COVID-19 infection is hypothesized to have a potentially negative effect on male fertility through direct damage to the testes. The current trial is aimed at investigating the effect of SARS-CoV-2 on fertility and determining if viral bodies are capable of directly damaging testicular cells
In late December 2019, the Chinese city of Wuhan witnessed the emergence of a form of
pneumonia of unknown etiology. By the middle of January 2020, the disease had managed to
spread beyond the country of origin and is now classified by the WHO as the largest pandemic
in modern history.
Rapidly spreading and highly contagious, the infection prompted medical professionals all
over the world to begin research into the virus with the goal of developing early diagnostic
techniques and treatment strategies.
The new pathogen named SARS-Cov-2 belongs to the Coronaviridae family. These viruses cause
severe acute respiratory syndrome (SARS-CoV-1, 2002-2003) and Middle East respiratory
syndrome (MERS, 2012-2013).
The effects of SARS-CoV-2 on the human body stem from its structure. The spike proteins on
the surface of the virus, which are responsible for the name "Coronaviridae," means that it
is able to bind to the host receptor protein, angiotensin-converting enzyme 2 (ACE2). This
makes cells with high quantities of these receptors on the surface susceptible to the virus.
The genome of SARS-Cov-2 responsible for the COVID-19 pandemic contains both human
coronavirus fragments and bat coronavirus fragments (HKU9-1). It is the genetic material of
HKU9-1 that makes SARS-CoV-2 unknown to the immune system of the human body.
As of today, three transmission pathways are recognized: close contact, airborne and fomite.
Moreover, the virus is known to retain its contagious properties on surfaces for up to 72
hours, and the incubation period ranges between 2 and 14 days. Recent reports indicate that
up to 80% of those infected by COVID-19 showed mild or moderate symptoms whereas 20-30%
develop severe forms of the disease characterized by shock as well as respiratory and
multiple organ failure. According to Chinese and Italian healthcare providers, the mortality
rate is between 3.8 and 7.2%.
Zou et al. (2020) reported that non-respiratory symptoms may be explained by the binding of
the virus to ACE-2 in other organs. Shen and Wang (2020) proved that ACE-2 is also expressed
by testicular cells (namely spermatogonia, Leydig cells and Sertoli cells) which makes them
potential targets for the virus. In fact, there are reports of orchitis and epididymitis in
patients diagnosed with COVID-19. This means that SARS-CoV-2 may directly damage testicular
tissue potentially compromising male fertility.
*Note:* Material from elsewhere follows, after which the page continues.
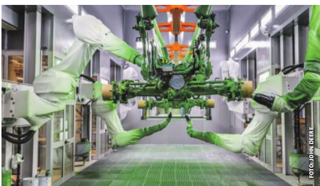
Roboter bei der Arbeit in der neuen Lackieranlage.

Mehr als 80 Millionen Euro investiert John Deere in die Weiterentwicklung der Endmontage im Werk Mannheim in Deutschland. Im Oktober wurde nun eine vollautomatische Farbgebungsanlage in Betrieb genommen. Sie verspricht mehr Energieeffizienz und weniger Lärm. „Diese Investition ist auch ein wichtiger Schritt zur klimaneutralen Fabrik, mit vielen weiteren Vorteilen für die Umwelt“, teilt der Traktorhersteller mit. Auch die Kunden sollen von der neuen Anlage profitieren. Denn durch die Automatisierung des Lackierprozesses werde eine gleichbleibend hohe Qualität gewährleistet.

In a number of studies, PCR did not detect the virus in semen samples obtained during both
the acute phase and recovery phase. In another study, postmortem needle and open biopsies of
the testicles performed within an hour after death from COVID-19 revealed that testicular
tissues were free of SARS-CoV-2 in 10 of 11 cases (91%). At the same time, spermograms in
COVID-19 patients showed low ejaculate volume, sperm motility and sperm count. Previously, it
was shown that COVID-19 has a severe effect on vasculature and therefore a microthrombi could
be a possible contributor to fertility impairment. An assessment of testes with a Doppler
enhanced ultrasound was therefore necessary.
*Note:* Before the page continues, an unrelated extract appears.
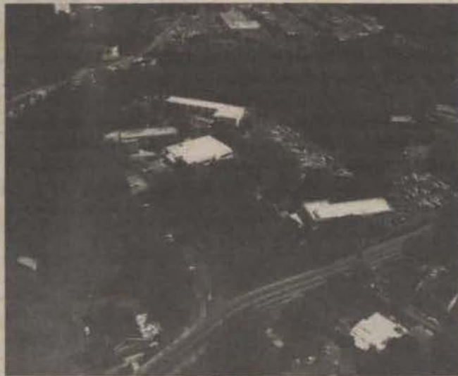
Vista aérea del Recinto de Barranquitas

La UIPR celebró los actos de graduación de sus respectivas unidades en un ambiente de júbilo y mensajes de altura, acorde con los cambios sociales y las necesidades de los estudiantes de hoy.

Data dedicated to testosterone levels in the blood and inflammatory markers in the semen and
testicular tissues is lacking. Available literature indicates changes in the above-mentioned
parameters in males with verified COVID-19.
There is ultimately too little information to draw reliable conclusions regarding the effects
of the virus on male reproduction. Published reports are limited by small study groups, lack
of the control group and absence of follow-up examinations during recovery warranting further
research and in-depth exploration of the topic.
Diagnostic Test: Sperm test
The semen sample will be collected and analyzed within an hour after collection.
Diagnostic Test: hormone levels (testosterone, FSH, LH, prolactin)
Hormone levels (testosterone, FSH, LH, prolactin) will be assessed on 5-7 days after symptom onset until the end of hospital stay.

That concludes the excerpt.